**TASK DIRECTIONS:** Any picture must be dropped, but each line of the data should be duplicated exactly.

**DATA BLOCK:**
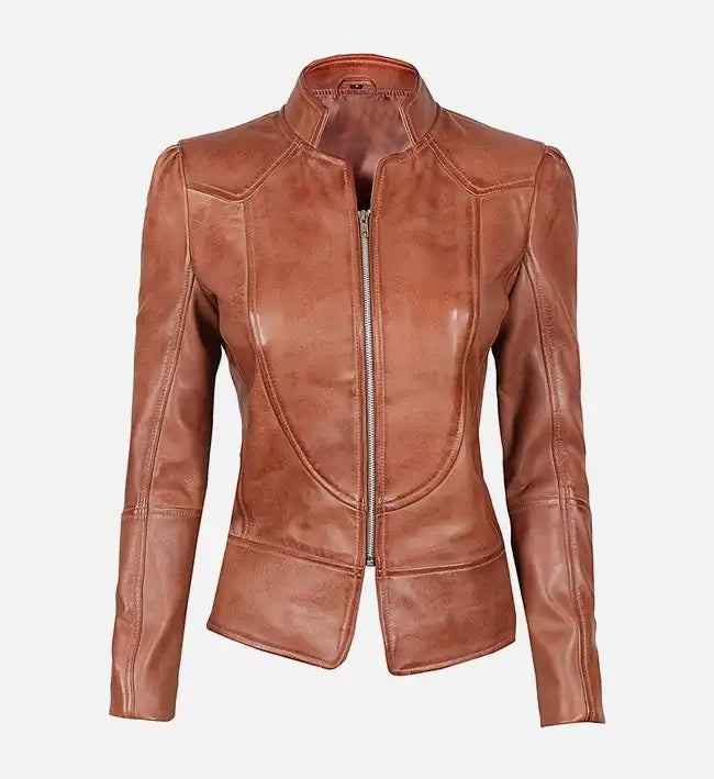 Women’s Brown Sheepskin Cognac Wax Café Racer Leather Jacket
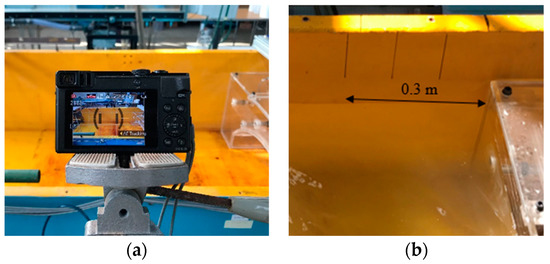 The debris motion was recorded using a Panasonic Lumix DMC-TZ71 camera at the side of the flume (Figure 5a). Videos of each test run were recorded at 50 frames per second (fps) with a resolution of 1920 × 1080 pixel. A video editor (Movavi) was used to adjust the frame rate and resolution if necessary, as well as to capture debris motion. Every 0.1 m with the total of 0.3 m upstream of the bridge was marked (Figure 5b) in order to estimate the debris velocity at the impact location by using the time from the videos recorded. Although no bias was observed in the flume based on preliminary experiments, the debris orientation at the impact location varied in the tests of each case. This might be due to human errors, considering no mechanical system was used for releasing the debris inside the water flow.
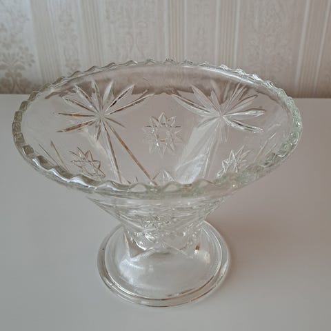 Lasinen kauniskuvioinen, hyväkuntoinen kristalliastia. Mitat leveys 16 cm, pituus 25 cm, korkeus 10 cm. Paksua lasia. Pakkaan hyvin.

**SOLUTION TO THIS EXERCISE:**
 Women’s Brown Sheepskin Cognac Wax Café Racer Leather Jacket
 The debris motion was recorded using a Panasonic Lumix DMC-TZ71 camera at the side of the flume (Figure 5a). Videos of each test run were recorded at 50 frames per second (fps) with a resolution of 1920 × 1080 pixel. A video editor (Movavi) was used to adjust the frame rate and resolution if necessary, as well as to capture debris motion. Every 0.1 m with the total of 0.3 m upstream of the bridge was marked (Figure 5b) in order to estimate the debris velocity at the impact location by using the time from the videos recorded. Although no bias was observed in the flume based on preliminary experiments, the debris orientation at the impact location varied in the tests of each case. This might be due to human errors, considering no mechanical system was used for releasing the debris inside the water flow.
 Lasinen kauniskuvioinen, hyväkuntoinen kristalliastia. Mitat leveys 16 cm, pituus 25 cm, korkeus 10 cm. Paksua lasia. Pakkaan hyvin.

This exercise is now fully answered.